**EXERCISE**
Exact copy required. Repeat the records, but keep the pictures out.

**PROVIDED RECORDS**

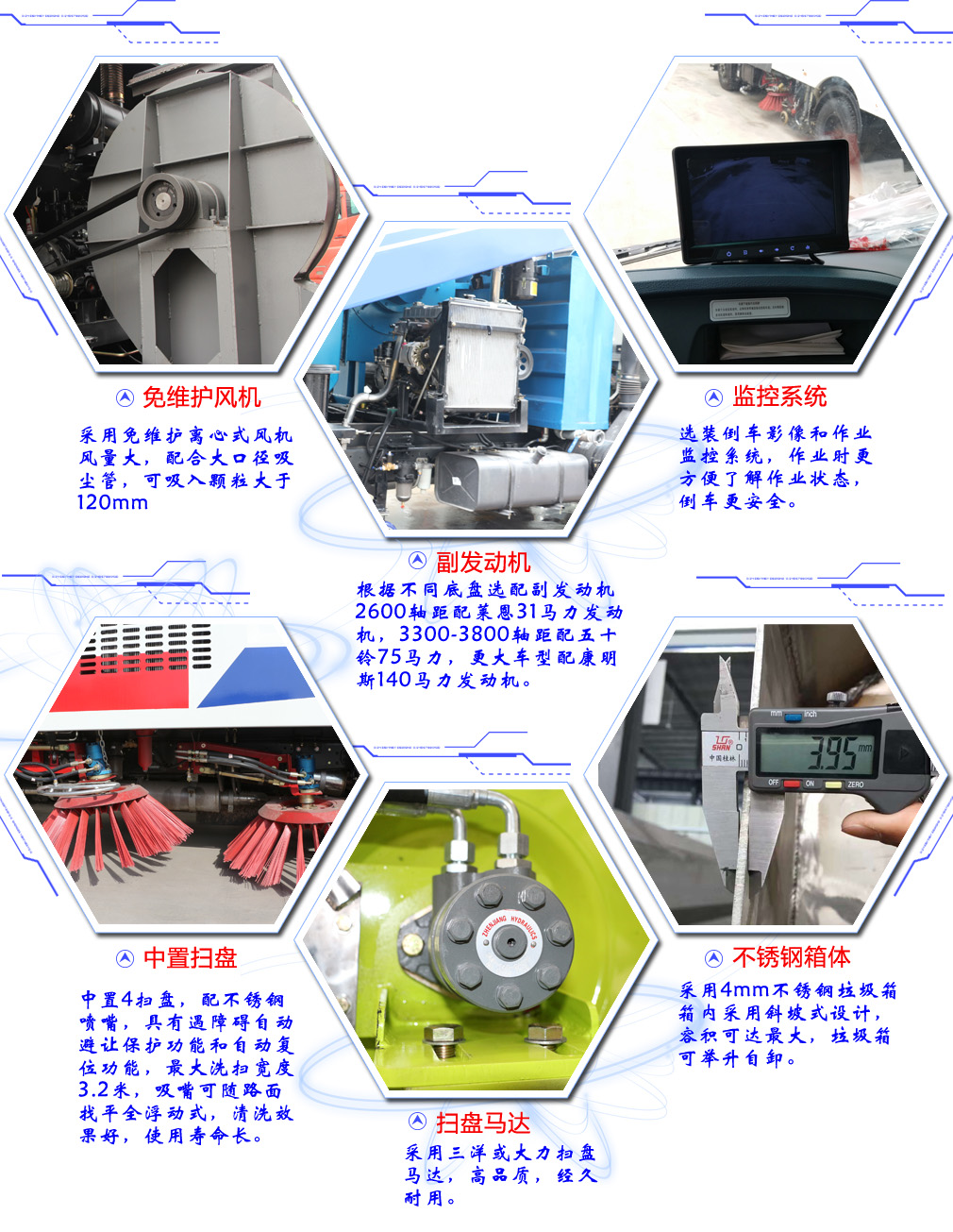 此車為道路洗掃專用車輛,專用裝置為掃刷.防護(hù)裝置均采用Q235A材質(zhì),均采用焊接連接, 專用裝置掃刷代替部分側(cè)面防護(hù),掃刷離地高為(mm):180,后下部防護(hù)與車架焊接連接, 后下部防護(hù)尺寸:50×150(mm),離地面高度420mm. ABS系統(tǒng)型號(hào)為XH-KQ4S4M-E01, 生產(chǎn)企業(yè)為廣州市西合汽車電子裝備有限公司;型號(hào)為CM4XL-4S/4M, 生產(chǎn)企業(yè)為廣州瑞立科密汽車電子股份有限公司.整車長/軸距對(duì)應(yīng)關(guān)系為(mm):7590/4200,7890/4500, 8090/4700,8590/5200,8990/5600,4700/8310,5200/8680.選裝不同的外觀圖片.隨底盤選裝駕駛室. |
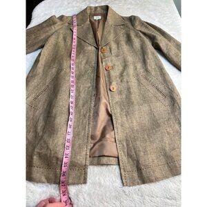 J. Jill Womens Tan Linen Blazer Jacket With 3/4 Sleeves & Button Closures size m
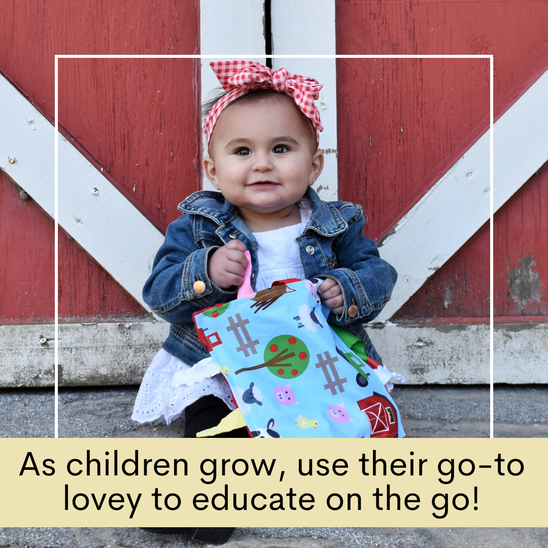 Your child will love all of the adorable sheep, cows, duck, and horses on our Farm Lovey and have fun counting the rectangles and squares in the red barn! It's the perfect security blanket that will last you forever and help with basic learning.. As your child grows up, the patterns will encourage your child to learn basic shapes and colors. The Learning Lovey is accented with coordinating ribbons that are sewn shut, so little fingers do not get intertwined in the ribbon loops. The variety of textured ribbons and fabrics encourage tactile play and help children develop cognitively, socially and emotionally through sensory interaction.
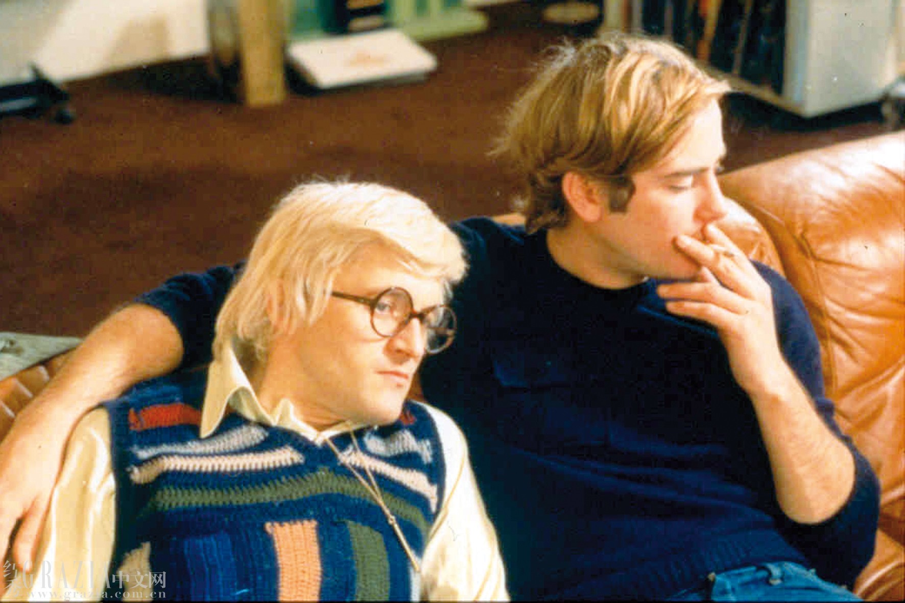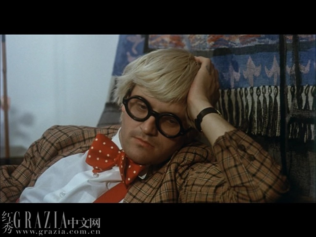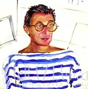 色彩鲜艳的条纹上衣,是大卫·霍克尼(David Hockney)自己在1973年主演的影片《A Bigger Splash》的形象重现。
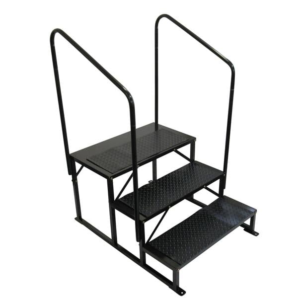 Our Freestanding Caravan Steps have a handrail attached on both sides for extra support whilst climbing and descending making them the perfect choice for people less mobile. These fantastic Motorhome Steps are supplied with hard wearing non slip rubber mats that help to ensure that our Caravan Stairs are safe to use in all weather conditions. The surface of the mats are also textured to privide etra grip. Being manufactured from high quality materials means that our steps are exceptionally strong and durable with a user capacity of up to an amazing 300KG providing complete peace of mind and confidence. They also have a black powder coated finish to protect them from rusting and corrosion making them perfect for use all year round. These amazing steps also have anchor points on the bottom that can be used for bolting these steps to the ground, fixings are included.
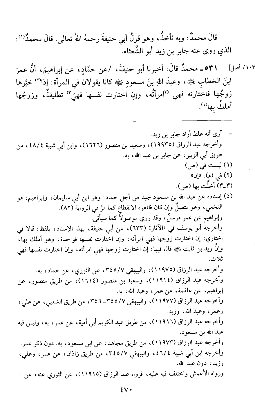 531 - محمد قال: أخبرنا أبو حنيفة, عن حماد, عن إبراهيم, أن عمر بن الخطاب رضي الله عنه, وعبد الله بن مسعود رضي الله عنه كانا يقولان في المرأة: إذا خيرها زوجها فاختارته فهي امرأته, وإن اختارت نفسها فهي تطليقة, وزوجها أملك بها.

**RESULT OF THIS TASK**
 此車為道路洗掃專用車輛,專用裝置為掃刷.防護(hù)裝置均采用Q235A材質(zhì),均采用焊接連接, 專用裝置掃刷代替部分側(cè)面防護(hù),掃刷離地高為(mm):180,后下部防護(hù)與車架焊接連接, 后下部防護(hù)尺寸:50×150(mm),離地面高度420mm. ABS系統(tǒng)型號(hào)為XH-KQ4S4M-E01, 生產(chǎn)企業(yè)為廣州市西合汽車電子裝備有限公司;型號(hào)為CM4XL-4S/4M, 生產(chǎn)企業(yè)為廣州瑞立科密汽車電子股份有限公司.整車長/軸距對(duì)應(yīng)關(guān)系為(mm):7590/4200,7890/4500, 8090/4700,8590/5200,8990/5600,4700/8310,5200/8680.選裝不同的外觀圖片.隨底盤選裝駕駛室. |
 J. Jill Womens Tan Linen Blazer Jacket With 3/4 Sleeves & Button Closures size m
 Your child will love all of the adorable sheep, cows, duck, and horses on our Farm Lovey and have fun counting the rectangles and squares in the red barn! It's the perfect security blanket that will last you forever and help with basic learning.. As your child grows up, the patterns will encourage your child to learn basic shapes and colors. The Learning Lovey is accented with coordinating ribbons that are sewn shut, so little fingers do not get intertwined in the ribbon loops. The variety of textured ribbons and fabrics encourage tactile play and help children develop cognitively, socially and emotionally through sensory interaction.
 色彩鲜艳的条纹上衣,是大卫·霍克尼(David Hockney)自己在1973年主演的影片《A Bigger Splash》的形象重现。
 Our Freestanding Caravan Steps have a handrail attached on both sides for extra support whilst climbing and descending making them the perfect choice for people less mobile. These fantastic Motorhome Steps are supplied with hard wearing non slip rubber mats that help to ensure that our Caravan Stairs are safe to use in all weather conditions. The surface of the mats are also textured to privide etra grip. Being manufactured from high quality materials means that our steps are exceptionally strong and durable with a user capacity of up to an amazing 300KG providing complete peace of mind and confidence. They also have a black powder coated finish to protect them from rusting and corrosion making them perfect for use all year round. These amazing steps also have anchor points on the bottom that can be used for bolting these steps to the ground, fixings are included.
 531 - محمد قال: أخبرنا أبو حنيفة, عن حماد, عن إبراهيم, أن عمر بن الخطاب رضي الله عنه, وعبد الله بن مسعود رضي الله عنه كانا يقولان في المرأة: إذا خيرها زوجها فاختارته فهي امرأته, وإن اختارت نفسها فهي تطليقة, وزوجها أملك بها.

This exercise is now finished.